Control how much node resource is available for scheduling by setting system-reserved for system daemons. Evictions occur only if pods exceed their requested resources.

  • Capacity: Total resource on the node.
  • Allocatable: Resource available for scheduling.

Example:

kubeletArguments:
  eviction-hard:
    - "memory.available<500Mi"
  system-reserved:
    - "memory=1.5Gi"

Determine appropriate values using the node summary API.

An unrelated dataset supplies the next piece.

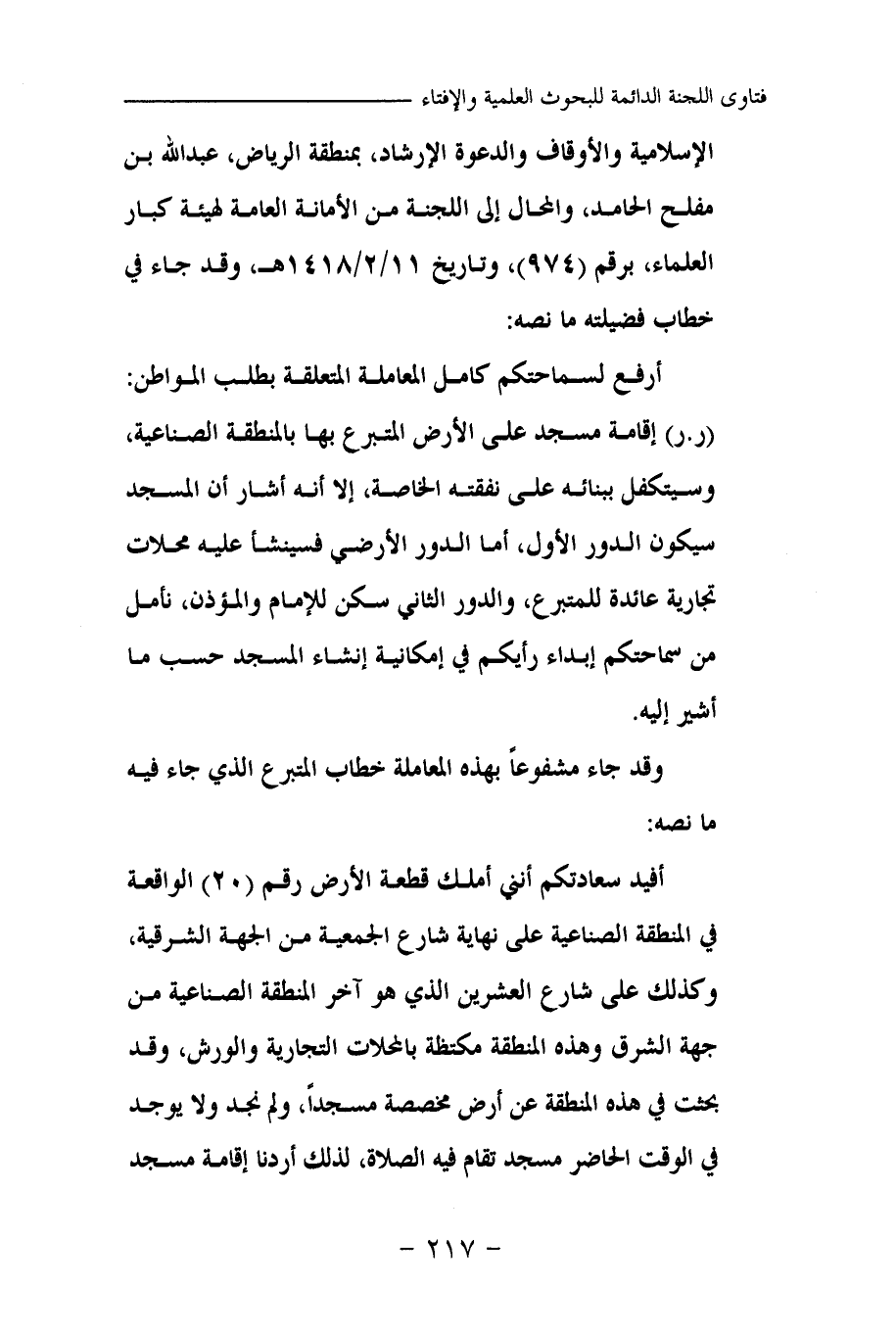 أفيد سعادتكم أنني أملك قطعة الأرض رقم (20) الواقعة في المنطقة الصناعية على نهاية شارع الجمعية من الجهة الشرقية، وكذلك على شارع العشرين الذي هو آخر المنطقة الصناعية من جهة الشرق وهذه المنطقة مكتظة بالمحلات التجارية والورش، وقد بحثت في هذه المنطقة عن أرض مخصصة مسجدا، ولم نجد ولا يوجد في الوقت الحاضر مسجد تقام فيه الصلاة، لذلك أردنا إقامة مسجد

Restart the kubelet for changes:

$ systemctl restart kubelet

Preventing Node Condition Oscillation

To avoid oscillation above/below soft eviction thresholds, set eviction-pressure-transition-period:

Example:

kubeletArguments:
  eviction-pressure-transition-period:
    - 5m

Default is 5 minutes. Restart services for changes.

Reclaiming Node-level Resources

When eviction criteria are met, nodes reclaim resources before evicting user pods.

  • With imagefs:
    • If nodefs threshold is met: Delete dead pods/containers.
    • If imagefs threshold is met: Delete unused images.
  • Without imagefs:
    • If nodefs threshold is met: Delete dead pods/containers, then unused images.

Pod Eviction

If a threshold and grace period are met, pods are evicted until the signal is below the threshold.

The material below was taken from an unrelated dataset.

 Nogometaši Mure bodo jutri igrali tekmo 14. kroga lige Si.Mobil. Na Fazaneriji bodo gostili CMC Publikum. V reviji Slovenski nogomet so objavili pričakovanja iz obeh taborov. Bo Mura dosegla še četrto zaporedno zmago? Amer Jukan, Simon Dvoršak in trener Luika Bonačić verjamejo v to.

Pods are ranked for eviction by quality of service (QoS) and resource consumption.

QoS LevelDescription
GuaranteedHighest resource consumers evicted first.
BurstableHighest resource consumers relative to request evicted first.
BestEffortHighest resource consumers evicted first.

Guaranteed pods are only evicted if system daemons exceed reserved resources or only guaranteed pods remain.

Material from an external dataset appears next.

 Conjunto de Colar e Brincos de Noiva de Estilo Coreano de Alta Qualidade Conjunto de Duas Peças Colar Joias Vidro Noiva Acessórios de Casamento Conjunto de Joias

Disk is a best-effort resource; pods are evicted one at a time to reclaim disk space, ranked by QoS and disk usage.

Quality of Service and Out of Memory Killer

If a system OOM event occurs before memory can be reclaimed, the OOM killer responds.

OOM scores are set based on QoS:

QoS Leveloom_score_adj Value
Guaranteed-998
Burstablemin(max(2, 1000 - (1000 * memoryRequestBytes) / machineMemoryCapacityBytes), 999)
BestEffort1000

OOM killer ends the container with the highest score. Containers with lowest QoS and highest memory usage are ended first. Containers may be restarted per node policy.

Scheduler and Out of Resource Conditions

Scheduler considers node conditions when placing pods.

Node ConditionScheduler Behavior
MemoryPressureBestEffort pods not scheduled.
DiskPressureNo additional pods scheduled.

Example Scenario

Operator wants:

  • Node with 10Gi memory.
  • Reserve 10% for system daemons.
  • Evict pods at 95% utilization.

Calculation:

  • capacity = 10Gi
  • system-reserved = 1Gi
  • allocatable = 9Gi

To trigger eviction below 10% available memory for 30s, or immediately below 5%:

  • system-reserved = 2Gi
  • allocatable = 8Gi

Configuration:

kubeletArguments:
  system-reserved:
    - "memory=2Gi"
  eviction-hard:
    - "memory.available<.5Gi"
  eviction-soft:
    - "memory.available<1Gi"
  eviction-soft-grace-period:
    - "memory.available=30s"

This prevents immediate memory pressure and eviction after scheduling.

Daemon Sets and Out of Resource Handling

Pods created by daemon sets are immediately recreated if evicted. Daemon sets should avoid best-effort pods and use guaranteed QoS to reduce eviction risk.